# PROBLEM REQUIREMENTS
Using the material below, print a verbatim copy of every line from the one containing "日系潮牌圆领卫衣男女款高达动漫联名宽松纯棉重磅青少年爆款衣服" through the one containing "The Dog Print", inclusive, and omit the pictures.

# TASK MATERIAL
* * * *
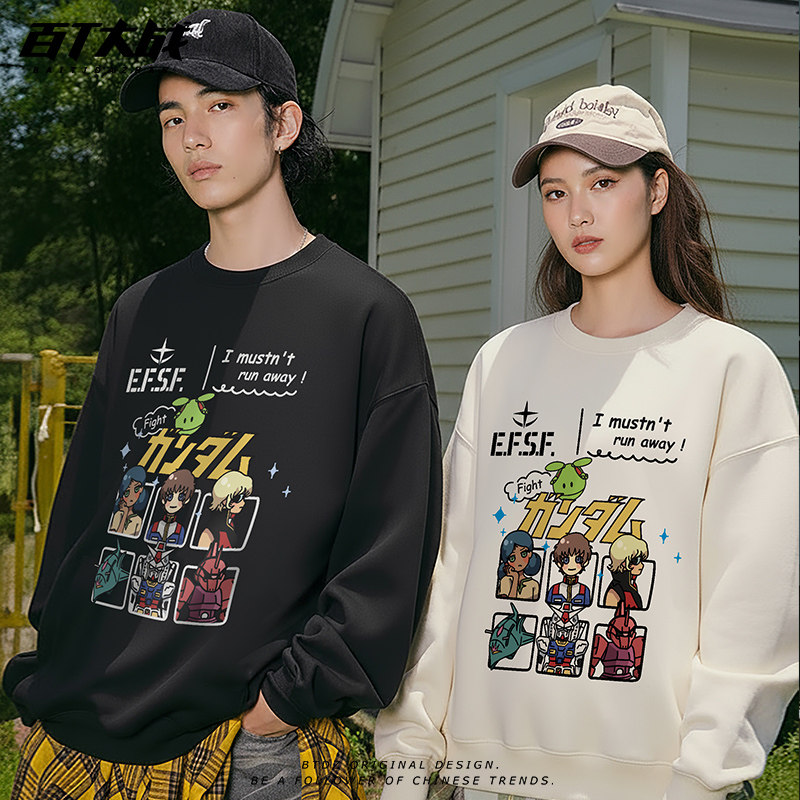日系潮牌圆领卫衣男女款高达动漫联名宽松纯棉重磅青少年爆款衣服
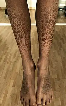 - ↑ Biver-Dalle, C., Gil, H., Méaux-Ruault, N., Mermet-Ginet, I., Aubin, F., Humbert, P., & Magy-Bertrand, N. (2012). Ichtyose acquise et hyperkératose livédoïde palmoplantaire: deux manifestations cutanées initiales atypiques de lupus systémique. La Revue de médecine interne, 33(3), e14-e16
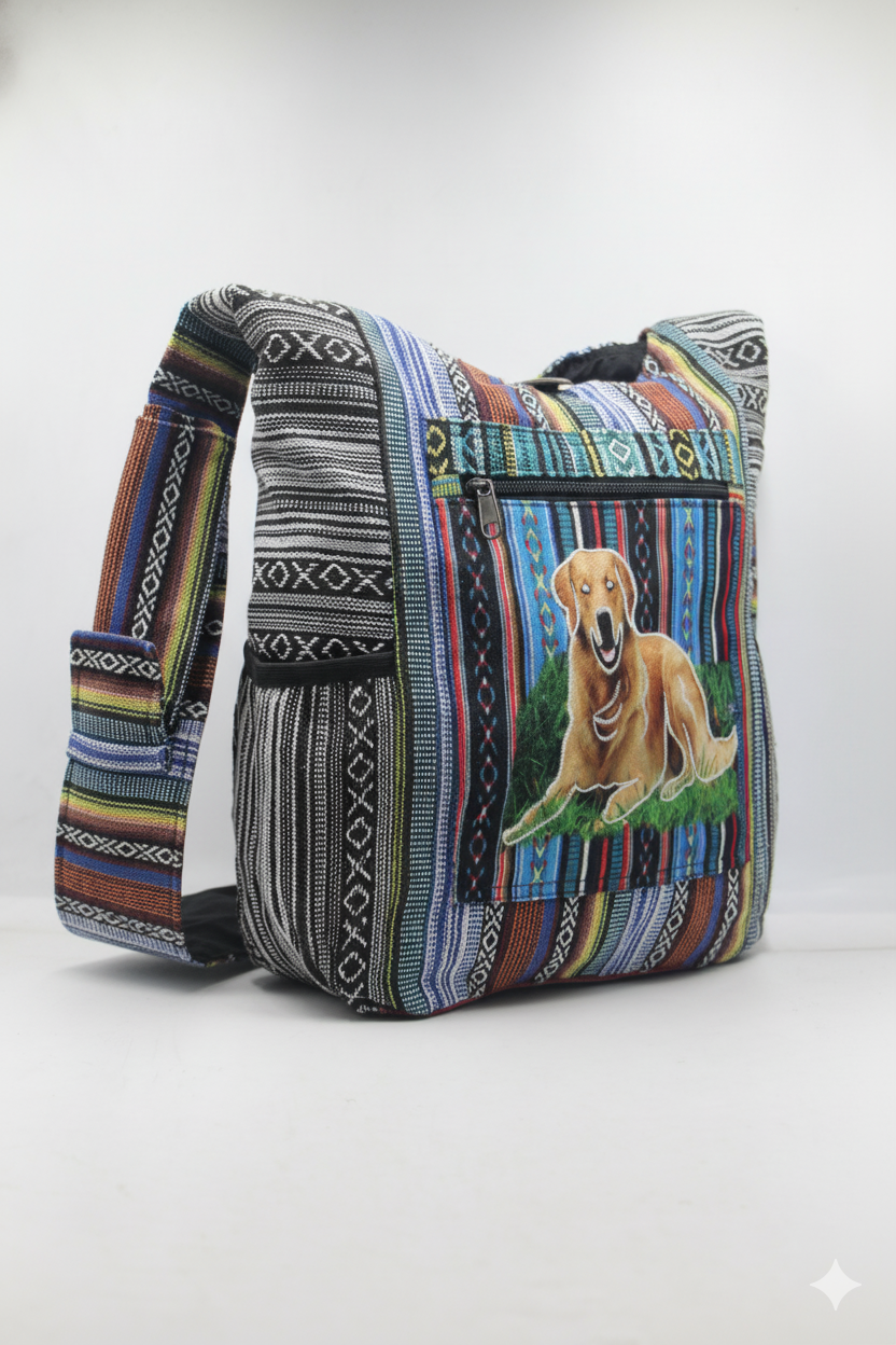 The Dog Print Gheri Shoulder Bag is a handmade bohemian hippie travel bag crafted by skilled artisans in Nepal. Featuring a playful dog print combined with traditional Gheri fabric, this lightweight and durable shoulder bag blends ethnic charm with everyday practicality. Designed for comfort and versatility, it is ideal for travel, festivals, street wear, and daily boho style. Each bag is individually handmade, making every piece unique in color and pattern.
* * * *
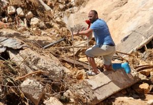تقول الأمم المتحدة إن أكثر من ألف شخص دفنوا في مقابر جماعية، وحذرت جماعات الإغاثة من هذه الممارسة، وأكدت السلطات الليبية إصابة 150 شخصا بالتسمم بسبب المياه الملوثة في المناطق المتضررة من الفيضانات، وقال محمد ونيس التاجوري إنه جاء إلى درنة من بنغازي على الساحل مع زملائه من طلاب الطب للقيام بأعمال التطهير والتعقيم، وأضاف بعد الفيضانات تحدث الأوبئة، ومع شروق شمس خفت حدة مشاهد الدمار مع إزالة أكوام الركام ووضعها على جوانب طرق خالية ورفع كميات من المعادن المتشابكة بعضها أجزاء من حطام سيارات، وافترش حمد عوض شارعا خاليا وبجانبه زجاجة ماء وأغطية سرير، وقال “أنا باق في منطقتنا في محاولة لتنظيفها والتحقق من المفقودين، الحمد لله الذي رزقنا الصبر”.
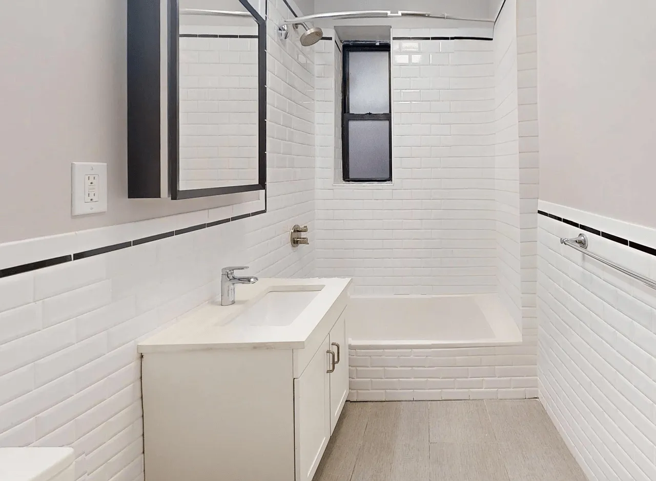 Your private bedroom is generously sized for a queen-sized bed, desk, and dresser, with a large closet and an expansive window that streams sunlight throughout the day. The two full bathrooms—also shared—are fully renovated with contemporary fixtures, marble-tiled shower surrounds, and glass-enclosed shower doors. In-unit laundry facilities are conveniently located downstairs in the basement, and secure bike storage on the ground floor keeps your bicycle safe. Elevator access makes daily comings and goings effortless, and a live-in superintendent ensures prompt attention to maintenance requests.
* * * *
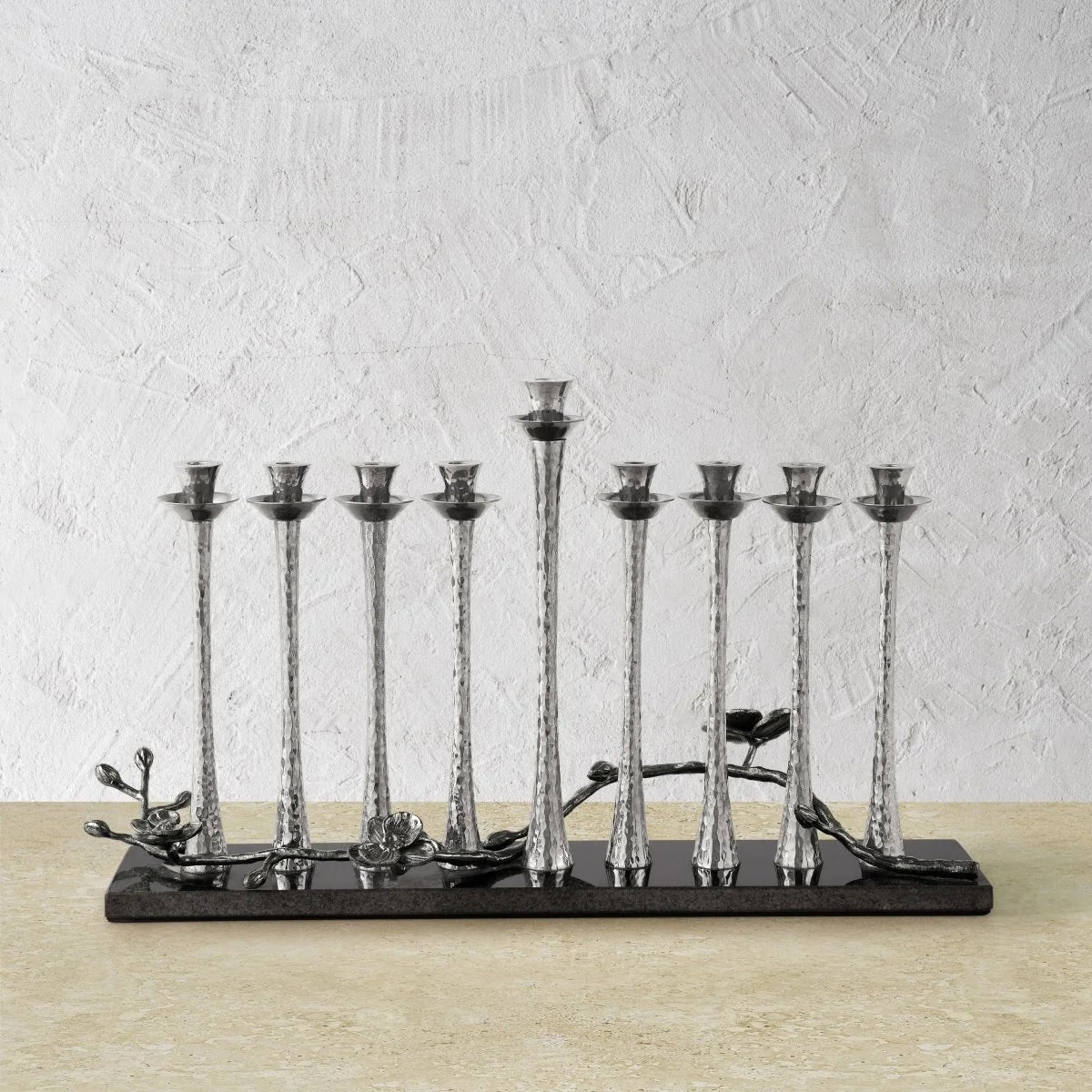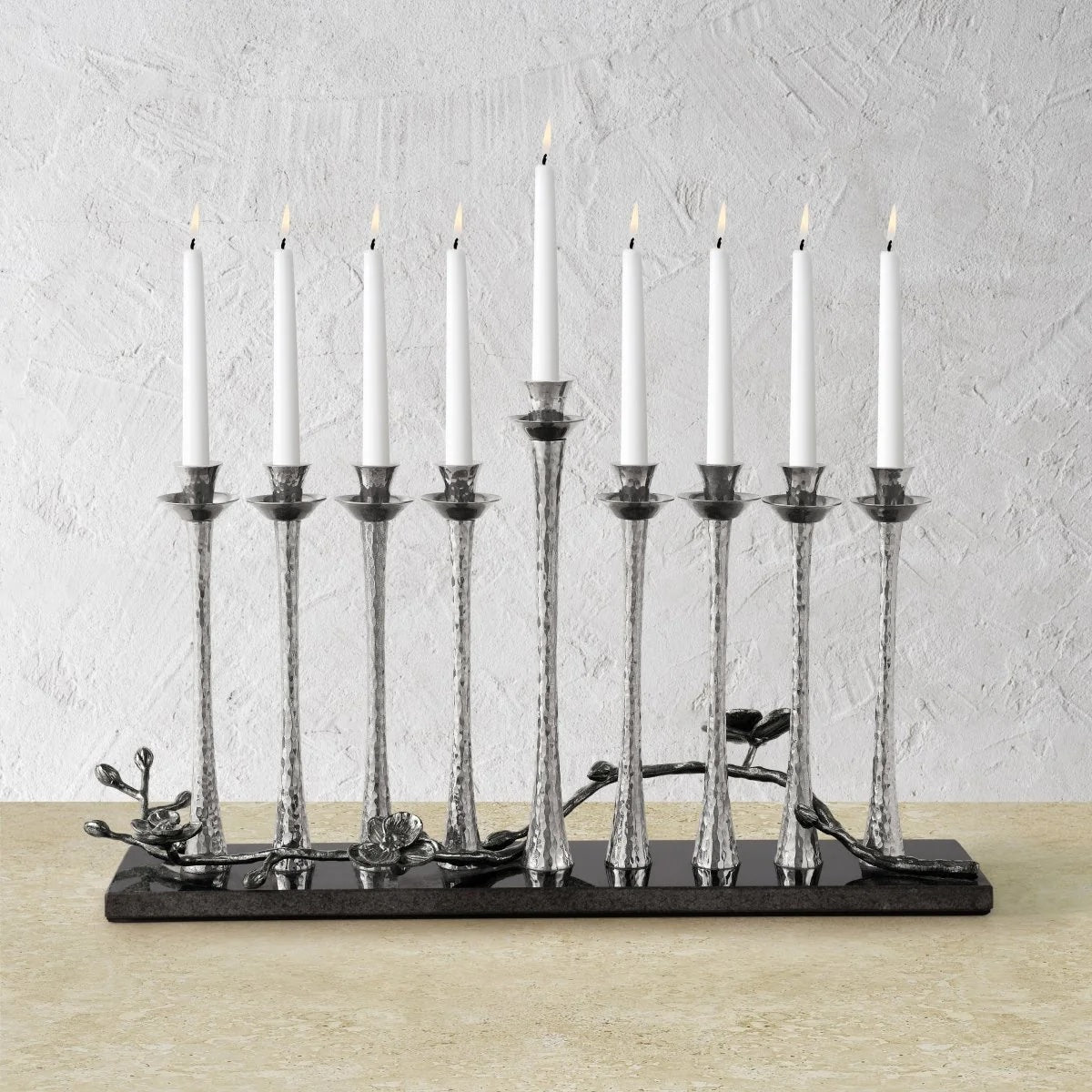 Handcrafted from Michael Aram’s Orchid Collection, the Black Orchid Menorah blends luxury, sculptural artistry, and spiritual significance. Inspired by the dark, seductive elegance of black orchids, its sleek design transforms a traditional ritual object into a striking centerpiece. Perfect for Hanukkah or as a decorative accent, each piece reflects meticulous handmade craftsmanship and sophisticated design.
* * * *
# EXPECTED ANSWER
日系潮牌圆领卫衣男女款高达动漫联名宽松纯棉重磅青少年爆款衣服
 - ↑ Biver-Dalle, C., Gil, H., Méaux-Ruault, N., Mermet-Ginet, I., Aubin, F., Humbert, P., & Magy-Bertrand, N. (2012). Ichtyose acquise et hyperkératose livédoïde palmoplantaire: deux manifestations cutanées initiales atypiques de lupus systémique. La Revue de médecine interne, 33(3), e14-e16
 The Dog Print Gheri Shoulder Bag is a handmade bohemian hippie travel bag crafted by skilled artisans in Nepal. Featuring a playful dog print combined with traditional Gheri fabric, this lightweight and durable shoulder bag blends ethnic charm with everyday practicality. Designed for comfort and versatility, it is ideal for travel, festivals, street wear, and daily boho style. Each bag is individually handmade, making every piece unique in color and pattern.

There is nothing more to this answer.